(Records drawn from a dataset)
+---+
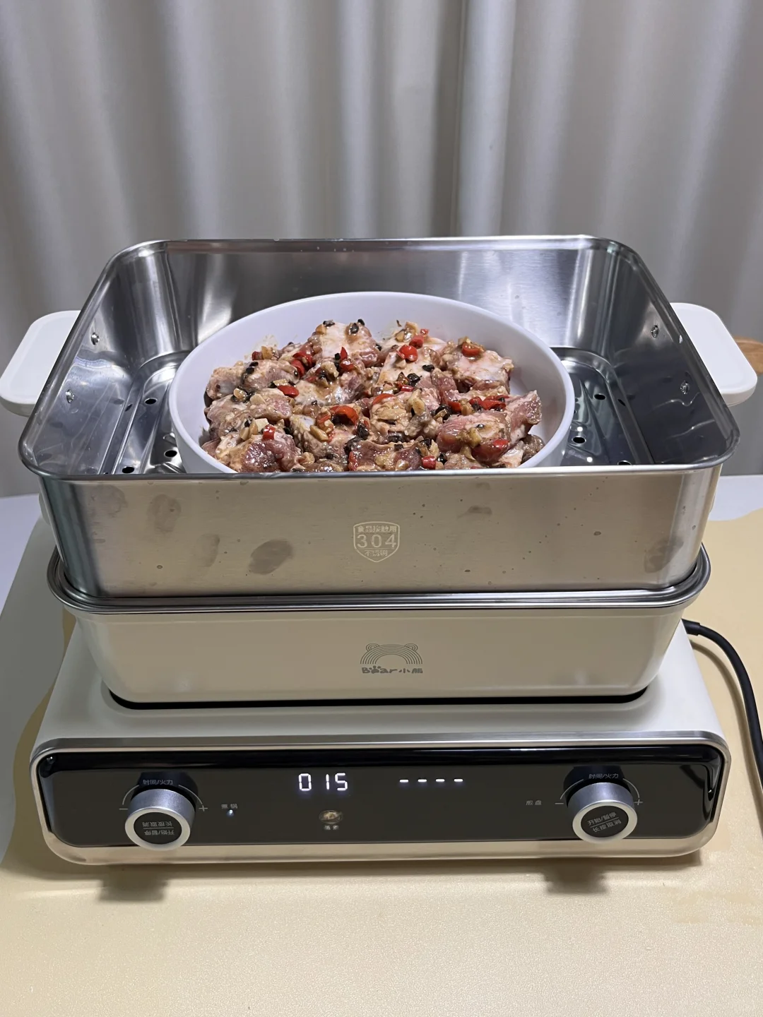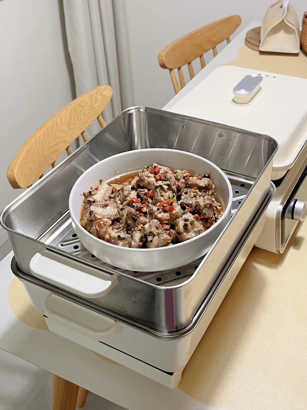 它的6L大蒸笼 一整条鱼都放得下, 平时还能预约定时蒸早餐、隔水炖,很方便实用
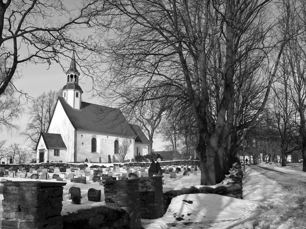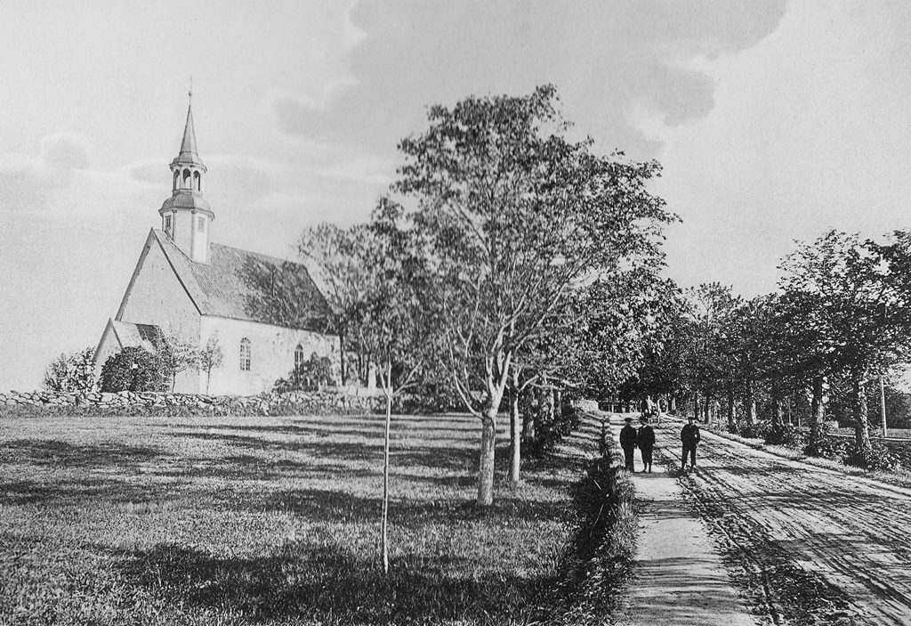 Lavei’n nedover forbi kirka på den tida Emil var gårdsgutt på Lade til venstre. På bildet til høgre fra 2011 er kirkegården utvida og trafikken går langs Jarlevegen. Fotos: Tronheim byarkiv og Erik Stenvik
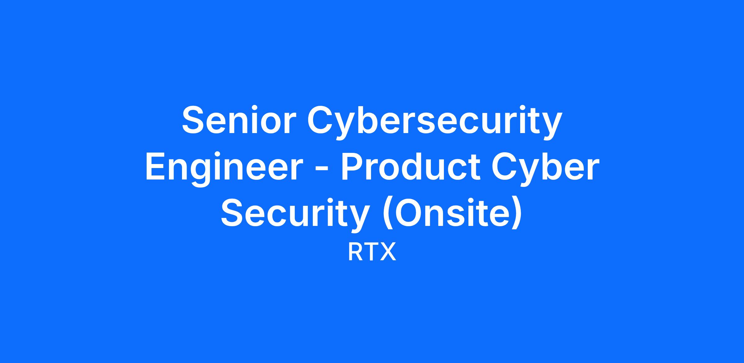 Active and existing security clearance required on day 1Senior Cybersecurity Engineer - Product Cyber Security (Onsite)
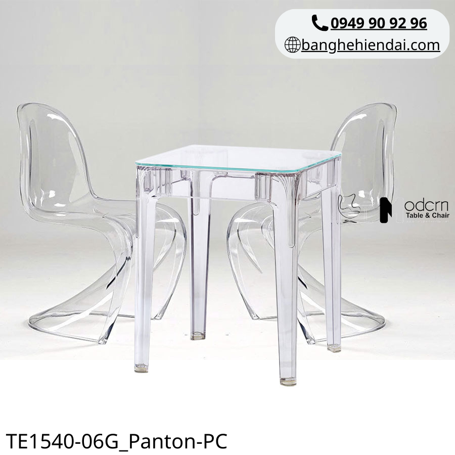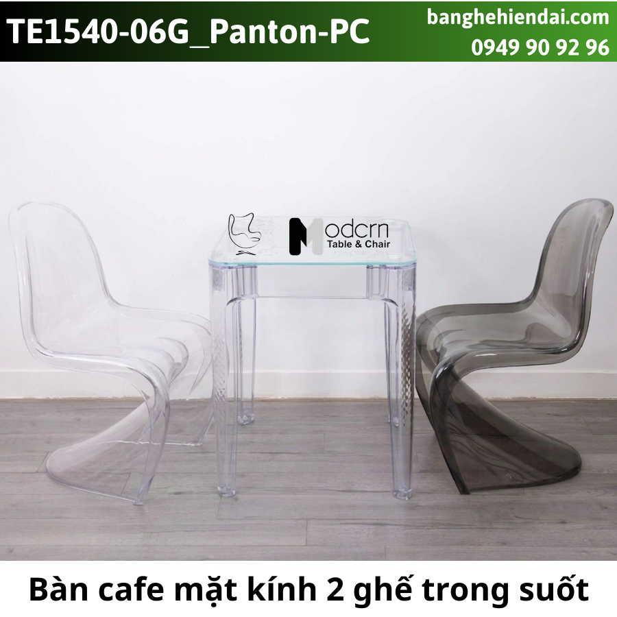 ✨ BỘ BÀN CAFE MẶT KÍNH VUÔNG 2 GHẾ TRONG SUỐT TE1540-06G _ PANTON-PC ✨
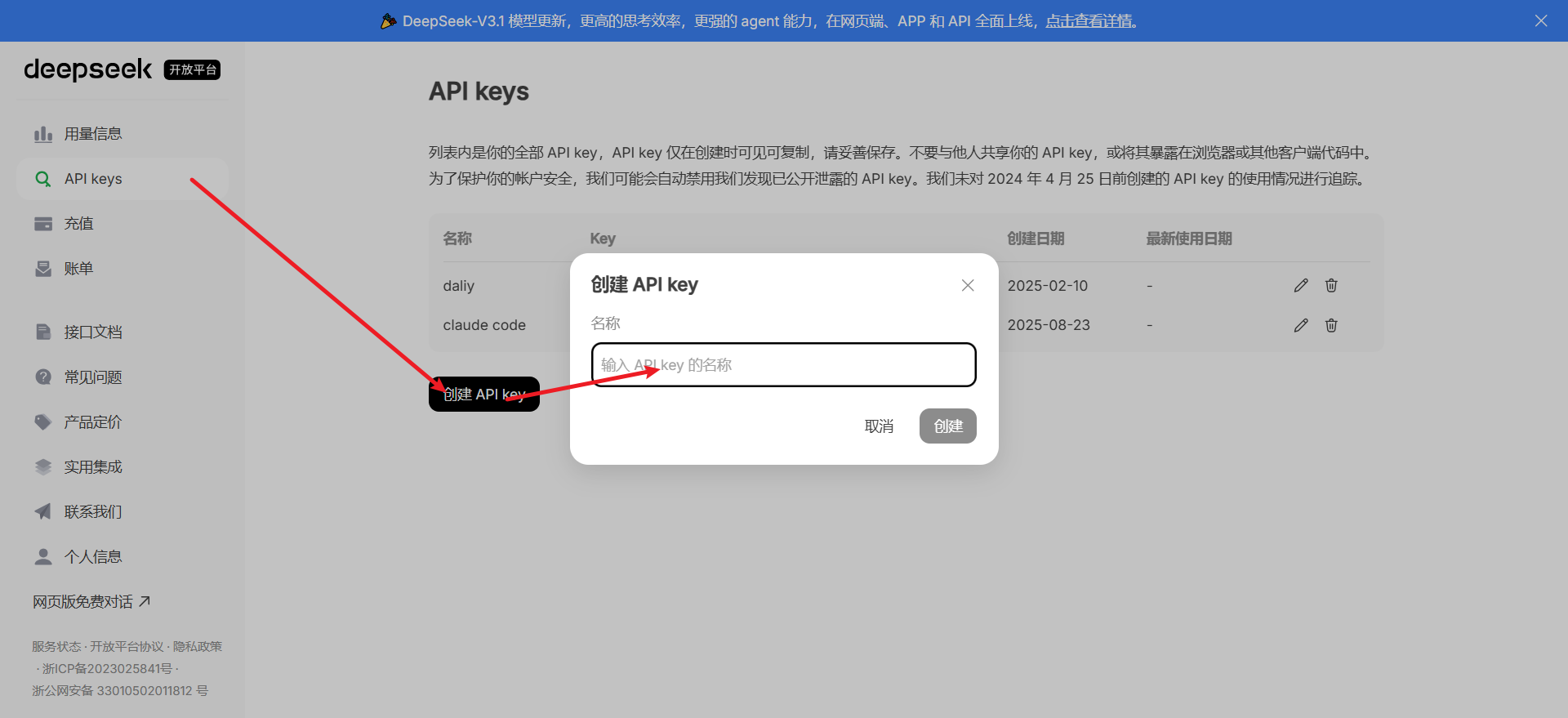 登录 deepseek 的开发平台 https://platform.deepseek.com/api_keys,充值个几块钱
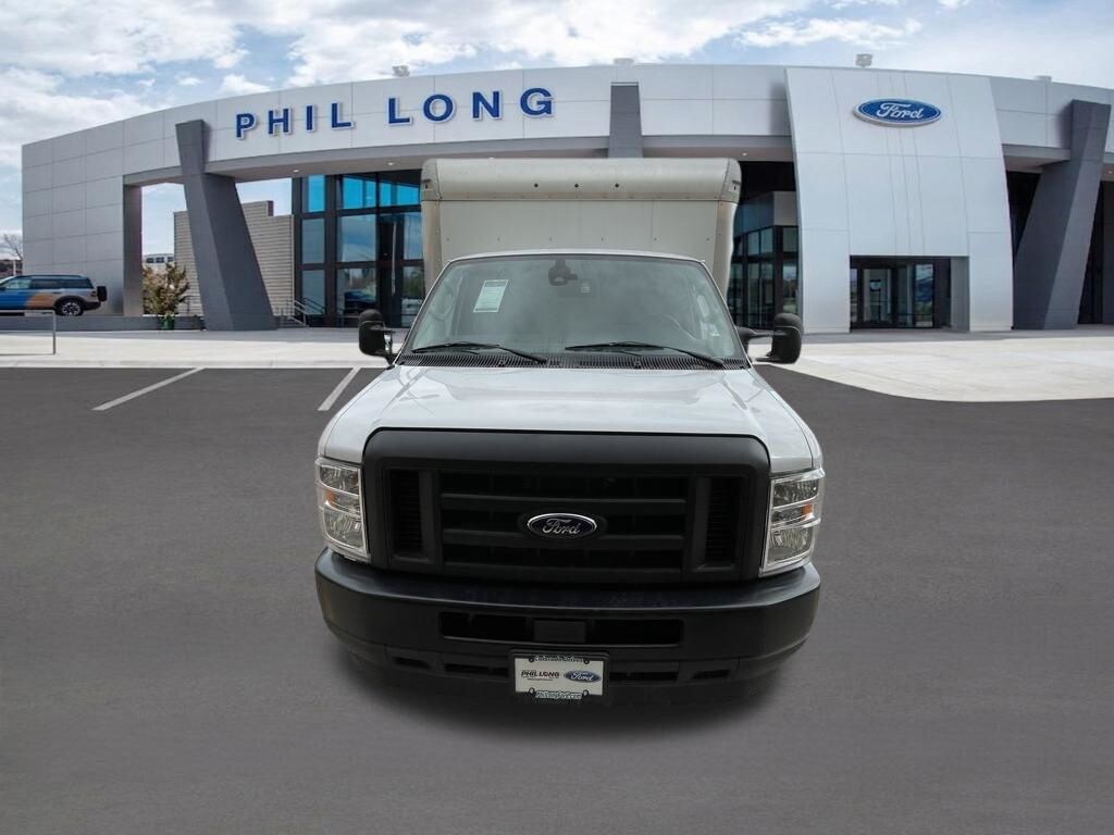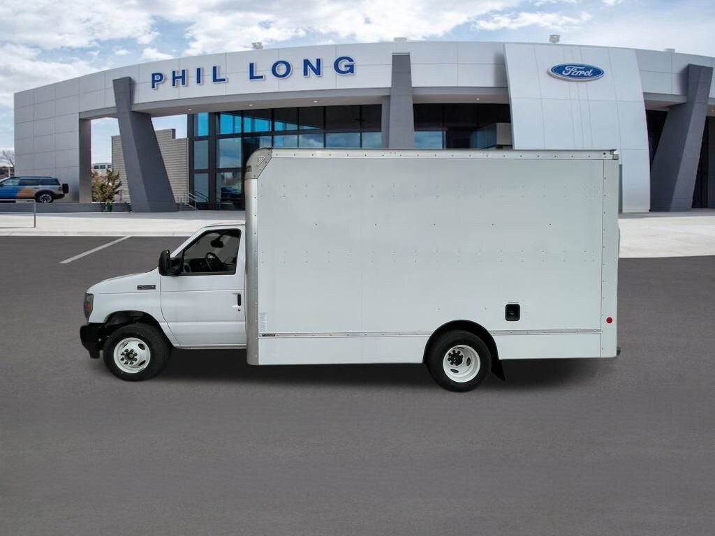 Oxford White 2024 Ford E-450SD DRW 14' Box Truck RWD 6-Speed Automatic with Overdrive 7.3L V8 7.3L V8, 6-Speed Automatic with Overdrive, RWD, Oxford White, Medium Flint w/Cloth Bucket Seats.
+---+
**WHAT TO DO:** Restate each entry verbatim and skip every image.

**EXERCISE ANSWER:**
 它的6L大蒸笼 一整条鱼都放得下, 平时还能预约定时蒸早餐、隔水炖,很方便实用
 Lavei’n nedover forbi kirka på den tida Emil var gårdsgutt på Lade til venstre. På bildet til høgre fra 2011 er kirkegården utvida og trafikken går langs Jarlevegen. Fotos: Tronheim byarkiv og Erik Stenvik
 Active and existing security clearance required on day 1Senior Cybersecurity Engineer - Product Cyber Security (Onsite)
 ✨ BỘ BÀN CAFE MẶT KÍNH VUÔNG 2 GHẾ TRONG SUỐT TE1540-06G _ PANTON-PC ✨
 登录 deepseek 的开发平台 https://platform.deepseek.com/api_keys,充值个几块钱
 Oxford White 2024 Ford E-450SD DRW 14' Box Truck RWD 6-Speed Automatic with Overdrive 7.3L V8 7.3L V8, 6-Speed Automatic with Overdrive, RWD, Oxford White, Medium Flint w/Cloth Bucket Seats.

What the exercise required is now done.